Complications of lymphedema include cellulitis and lymphangitis. Lymphangiosarcoma has also been seen with severe long-standing lymphedema.

When evaluating a patient with lower limb swelling for possible lymphedema, the physician should perform a thorough history and physical examination. History should include any previous cancers, surgery, radiation, or trauma. Examination should include inspection of the skin with documentation of consistency, mobility, coloration, temperature, pitting edema, fibrosis, and measurements of limb girth. The Stemmer sign can help distinguish lymphedema from venous stasis edema. The sign is present and indicative of lymphedema if the physician is unable to pinch a fold in the skin at the base of the second toe.

If the patient has a history of cancer, recurrent and metastatic disease needs to be considered and ruled out. DVT must also be ruled out. Other medical conditions that can cause edema should be considered and ruled out, such as congestive heart failure, renal failure, hypoalbuminemia, and protein-losing nephropathy. Diagnostic workup should include laboratory testing of blood and urine to evaluate for general medical conditions and venous Doppler to evaluate for thrombosis. If the diagnosis is still in question, lymphoscintigraphy can be performed to evaluate the lymphatic system.

Treatment goals are to improve function of the limb, prevent complications, and to improve quality of life for the patient.
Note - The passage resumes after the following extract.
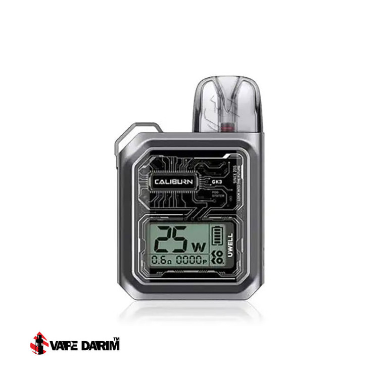 پاد ۲۵ واتی Uwell Caliburn GK3 را بررسی کنید که دارای باتری یکپارچه ۹۰۰ میلی آمپر ساعتی، حداکثر خروجی ۲۵ وات است

Treatment should begin as early as possible in hope of preventing tissue fibrosis, loss of range of motion, and functional decline. Complete decongestive therapy is the most widely used and accepted form of treatment. It is an intense and time-consuming process that requires a committed patient. The patient initially undergoes the treatment phase, which is followed by the lifelong maintenance phase.
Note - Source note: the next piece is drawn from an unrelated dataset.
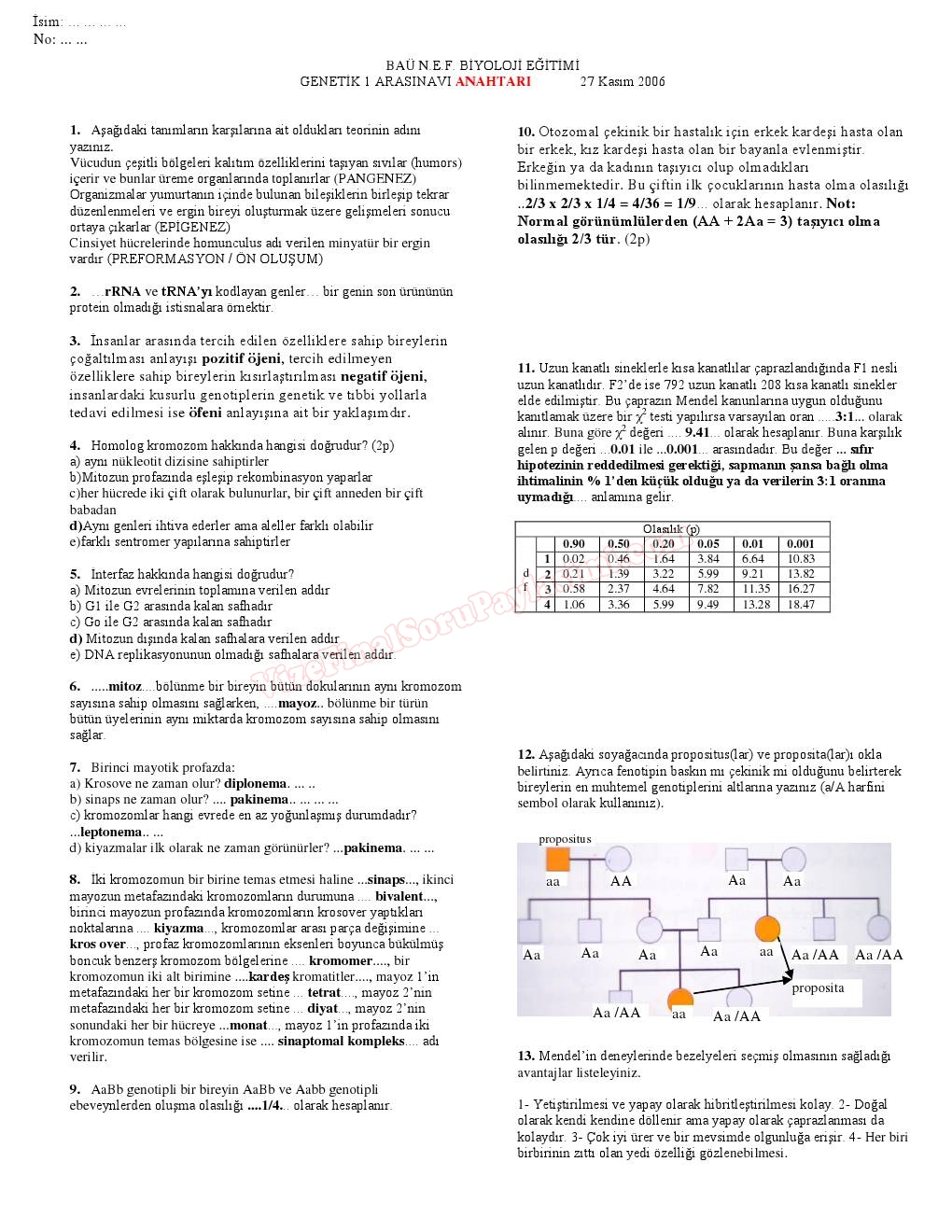 Genetik-1 Vize Soru ve Cevapları 2005 25-12-2015, 13:06

The treatment phase involves sessions 5 days/wk and includes manual lymph drainage (MLD), exercise, skin and nail care, and compression. MLD consists of light strokes to help stimulate lymph production and transport. MLD is not massage. Massage involves higher-pressure strokes and kneading. In contrast, MLD involves mild suprafascial strokes intended to cause light mechanical stretch of the lymph collectors to increase lymphangiomotoricity. After each MLD session, a moisturizer is applied to the skin before short-stretch bandages are applied. Treatment sessions generally last 1 hour. The bandages should not be removed and should be worn until the next treatment session. Exercise is performed twice a day for 15 minutes while wearing compression bandages. Patients are instructed in nail and skin care, which is crucial to preventing infection. At the end of each week, measurements are taken to assess progress of limb reduction.
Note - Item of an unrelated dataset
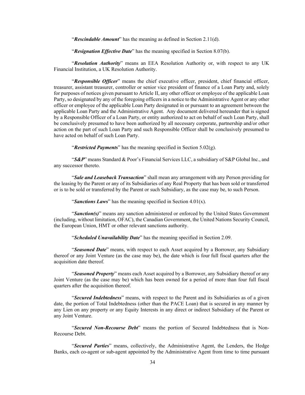 34 “Rescindable Amount” has the meaning as defined in Section 2.11(d). “Resignation Effective Date” has the meaning specified in Section 8.07(b). “Resolution Authority” means an EEA Resolution Authority or, with respect to any UK Financial Institution, a UK Resolution Authority. “Responsible Officer” means the chief executive officer, president, chief financial officer, treasurer, assistant treasurer, controller or senior vice president of finance of a Loan Party and, solely for purposes of notices given pursuant to Article II, any other officer or employee of the applicable Loan Party, so designated by any of the foregoing officers in a notice to the Administrative Agent or any other officer or employee of the applicable Loan Party designated in or pursuant to an agreement between the applicable Loan Party and the Administrative Agent. Any document delivered hereunder that is signed by a Responsible Officer of a Loan Party, or entity authorized to act on behalf of such Loan Party, shall be conclusively presumed to have been authorized by all necessary corporate, partnership and/or other action on the part of such Loan Party and such Responsible Officer shall be conclusively presumed to have acted on behalf of such Loan Party. “Restricted Payments” has the meaning specified in Section 5.02(g). “S&P” means Standard & Poor’s Financial Services LLC, a subsidiary of S&P Global Inc., and any successor thereto. “Sale and Leaseback Transaction” shall mean any arrangement with any Person providing for the leasing by the Parent or any of its Subsidiaries of any Real Property that has been sold or transferred or is to be sold or transferred by the Parent or such Subsidiary, as the case may be, to such Person. “Sanctions Laws” has the meaning specified in Section 4.01(x). “Sanction(s)” means any sanction administered or enforced by the United States Government (including, without limitation, OFAC), the Canadian Government, the United Nations Security Council, the European Union, HMT or other relevant sanctions authority. “Scheduled Unavailability Date” has the meaning specified in Section 2.09. “Seasoned Date” means, with respect to each Asset acquired by a Borrower, any Subsidiary thereof or any Joint Venture (as the case may be), the date which is four full fiscal quarters after the acquisition date thereof. “Seasoned Property” means each Asset acquired by a Borrower, any Subsidiary thereof or any Joint Venture (as the case may be) which has been owned for a period of more than four full fiscal quarters after the acquisition thereof. “Secured Indebtedness” means, with respect to the Parent and its Subsidiaries as of a given date, the portion of Total Indebtedness (other than the PACE Loan) that is secured in any manner by any Lien on any property or any Equity Interests in any direct or indirect Subsidiary of the Parent or any Joint Venture. “Secured Non-Recourse Debt” means the portion of Secured Indebtedness that is Non- Recourse Debt. “Secured Parties” means, collectively, the Administrative Agent, the Lenders, the Hedge Banks, each co-agent or sub-agent appointed by the Administrative Agent from time to time pursuant

Once the patient has reached maximum limb reduction, demonstrated by no further reduction in weekly measurements, therapy moves from the initial treatment phase to the maintenance phase. The maintenance phase is a lifelong process of preventing reaccumulation of lymphedema and protecting the skin. In this phase, patients perform their own MLD and then apply compression garments instead of bandages. Patients also continue with a home exercise program and skin and nail care. Although the patient has improvement in limb volume and appearance, the underlying lymphatics do not regain normal function. The patient must be committed to a lifelong maintenance phase to prevent progression of the lymphedema.

Surgical debulking of lymphedema is considered a treatment of last resort. If a limb has severe lymphedema that does not respond to more conservative treatment, de-bulking can improve limb size and restore some function. Treatment goals with surgical debulking are functional, not cosmetic. Debulking does not produce a normal-appearing limb. Reports of lymphovenous and lympholymphatic anastomoses being performed with good results have been noted, but these procedures are not common.